I bit my lower lip. Ohhh yeah, just like a dumb-ass schoolgirl.
“Okaaay. Is that a good fuck or a bad fuck?” Like that helped my effort to be a sexy surprise here.
He stepped up onto the curb, all traces of his elegant strength gone. His moves were stiff jerks, his arms bent as if tethered back. “Chéri, there is no such thing as a bad fuck with you.”
I laughed. It couldn’t be helped—and it felt really, really good. Fortunately, he joined in as we rushed at each other, hugging like it had been years instead of days since we’d last done it. “Well, that’s damn good to hear.” My forced levity went to a good cause. I gained back some needed sass. Now I was able to hitch a hand to my waist and cock him a flirty smile. “Because I’m your lunch date.”
He rocked his head back so hard, the wind loosened his thick waves from their product, fanning them on the air. “Pardon?”
“Your lunch appointment,” I clarified. “With Cycling Escapes International, right?”

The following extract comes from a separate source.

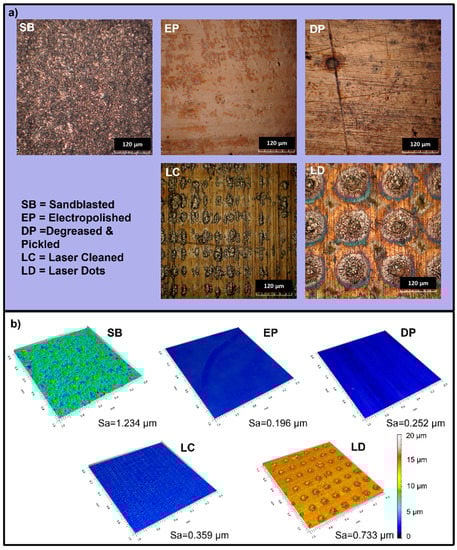 It can be seen from Table 6 that the SB treatment appeared to be the roughest, which is in agreement with the images in Figure 3, with a Ra value approximately an order of magnitude higher than the other pretreatments. In contrast, the EP sample turned out to be the least rough. The laser treatments showed higher values than the DP treatment but with Ra still inferior to 1 µm.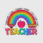 Show your love for teaching with this vibrant rainbow-themed design. Perfect for adding to casual t-shirts or accessories, it’s great for brightening up your everyday teacher gear. Wear it proudly and let your passion for education shine through with this cheerful design.

As the man impaled me with a nonplussed stare, I scooped one of his hands into mine. With a shockingly smooth step back, I swept my other arm back, motioning toward a pair of shiny vintage-style bicycles that I’d leaned against a low stone wall. Both machines were outfitted with paniers that hung off the back racks. A long baguette peeked out from one, a wine bottle from the other. “Bonjour. Nice to meet you. I’m here to take you on your ‘international cycling escape.’ But first, you’re hereby ordered to put that away.” I gestured to his phone. “Yvette has helped me out.” My mention of his assistant turned his scrutiny into a full-fledged gape. I basked in his delighted shock for a second before finishing with, “Your schedule is clear for the next two hours.”